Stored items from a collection
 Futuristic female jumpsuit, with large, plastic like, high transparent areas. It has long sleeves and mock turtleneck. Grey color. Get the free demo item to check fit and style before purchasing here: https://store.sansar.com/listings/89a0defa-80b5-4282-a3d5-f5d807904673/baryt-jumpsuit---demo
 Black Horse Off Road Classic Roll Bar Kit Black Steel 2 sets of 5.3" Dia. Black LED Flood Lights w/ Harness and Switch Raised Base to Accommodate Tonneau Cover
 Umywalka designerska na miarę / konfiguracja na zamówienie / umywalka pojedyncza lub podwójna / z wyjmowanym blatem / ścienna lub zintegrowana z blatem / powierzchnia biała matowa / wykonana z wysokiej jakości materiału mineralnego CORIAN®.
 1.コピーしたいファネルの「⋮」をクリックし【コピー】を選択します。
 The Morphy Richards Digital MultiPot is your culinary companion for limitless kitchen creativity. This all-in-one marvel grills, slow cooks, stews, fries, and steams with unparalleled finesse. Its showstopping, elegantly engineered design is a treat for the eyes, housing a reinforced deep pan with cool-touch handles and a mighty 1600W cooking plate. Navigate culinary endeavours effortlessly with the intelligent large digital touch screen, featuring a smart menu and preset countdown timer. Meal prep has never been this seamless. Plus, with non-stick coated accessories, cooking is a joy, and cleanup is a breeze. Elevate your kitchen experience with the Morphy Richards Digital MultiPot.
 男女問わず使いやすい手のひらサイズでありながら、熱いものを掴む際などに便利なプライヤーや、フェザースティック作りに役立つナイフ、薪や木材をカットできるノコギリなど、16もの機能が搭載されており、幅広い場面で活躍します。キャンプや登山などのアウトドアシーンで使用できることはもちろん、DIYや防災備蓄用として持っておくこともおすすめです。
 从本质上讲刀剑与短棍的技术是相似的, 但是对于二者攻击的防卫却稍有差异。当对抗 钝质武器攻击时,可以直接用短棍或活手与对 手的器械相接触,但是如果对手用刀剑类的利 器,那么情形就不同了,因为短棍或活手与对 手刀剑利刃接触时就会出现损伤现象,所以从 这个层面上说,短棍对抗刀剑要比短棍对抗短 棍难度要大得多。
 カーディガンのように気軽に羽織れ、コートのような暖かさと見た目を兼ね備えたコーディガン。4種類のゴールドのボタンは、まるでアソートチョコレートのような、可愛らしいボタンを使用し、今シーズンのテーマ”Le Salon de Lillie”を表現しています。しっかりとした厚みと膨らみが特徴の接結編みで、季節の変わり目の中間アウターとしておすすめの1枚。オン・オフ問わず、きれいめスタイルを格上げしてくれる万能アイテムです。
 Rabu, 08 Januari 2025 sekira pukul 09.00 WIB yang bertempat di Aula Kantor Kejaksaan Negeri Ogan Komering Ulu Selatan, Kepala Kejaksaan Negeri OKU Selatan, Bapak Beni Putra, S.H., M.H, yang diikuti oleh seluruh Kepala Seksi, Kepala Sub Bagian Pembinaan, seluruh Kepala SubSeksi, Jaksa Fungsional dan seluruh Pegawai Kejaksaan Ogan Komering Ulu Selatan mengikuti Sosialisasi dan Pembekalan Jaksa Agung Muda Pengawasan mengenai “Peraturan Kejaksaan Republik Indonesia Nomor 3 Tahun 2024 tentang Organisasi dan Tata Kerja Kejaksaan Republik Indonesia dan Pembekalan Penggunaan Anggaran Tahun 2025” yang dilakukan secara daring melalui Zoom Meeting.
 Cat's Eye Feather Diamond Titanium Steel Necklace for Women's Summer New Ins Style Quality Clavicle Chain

TASK TO CARRY OUT
Write out the line containing "从本质上讲刀剑与短棍的技术是相似的, 但是对于二者攻击的防卫却稍有差异。当对抗 钝质武器攻击时,可以直接用短棍或活手与对" and every line after it through the end of the entries. Keep each one exactly as it is, and add nothing.

RESULT OF THE EXERCISE
 从本质上讲刀剑与短棍的技术是相似的, 但是对于二者攻击的防卫却稍有差异。当对抗 钝质武器攻击时,可以直接用短棍或活手与对 手的器械相接触,但是如果对手用刀剑类的利 器,那么情形就不同了,因为短棍或活手与对 手刀剑利刃接触时就会出现损伤现象,所以从 这个层面上说,短棍对抗刀剑要比短棍对抗短 棍难度要大得多。
 カーディガンのように気軽に羽織れ、コートのような暖かさと見た目を兼ね備えたコーディガン。4種類のゴールドのボタンは、まるでアソートチョコレートのような、可愛らしいボタンを使用し、今シーズンのテーマ”Le Salon de Lillie”を表現しています。しっかりとした厚みと膨らみが特徴の接結編みで、季節の変わり目の中間アウターとしておすすめの1枚。オン・オフ問わず、きれいめスタイルを格上げしてくれる万能アイテムです。
 Rabu, 08 Januari 2025 sekira pukul 09.00 WIB yang bertempat di Aula Kantor Kejaksaan Negeri Ogan Komering Ulu Selatan, Kepala Kejaksaan Negeri OKU Selatan, Bapak Beni Putra, S.H., M.H, yang diikuti oleh seluruh Kepala Seksi, Kepala Sub Bagian Pembinaan, seluruh Kepala SubSeksi, Jaksa Fungsional dan seluruh Pegawai Kejaksaan Ogan Komering Ulu Selatan mengikuti Sosialisasi dan Pembekalan Jaksa Agung Muda Pengawasan mengenai “Peraturan Kejaksaan Republik Indonesia Nomor 3 Tahun 2024 tentang Organisasi dan Tata Kerja Kejaksaan Republik Indonesia dan Pembekalan Penggunaan Anggaran Tahun 2025” yang dilakukan secara daring melalui Zoom Meeting.
 Cat's Eye Feather Diamond Titanium Steel Necklace for Women's Summer New Ins Style Quality Clavicle Chain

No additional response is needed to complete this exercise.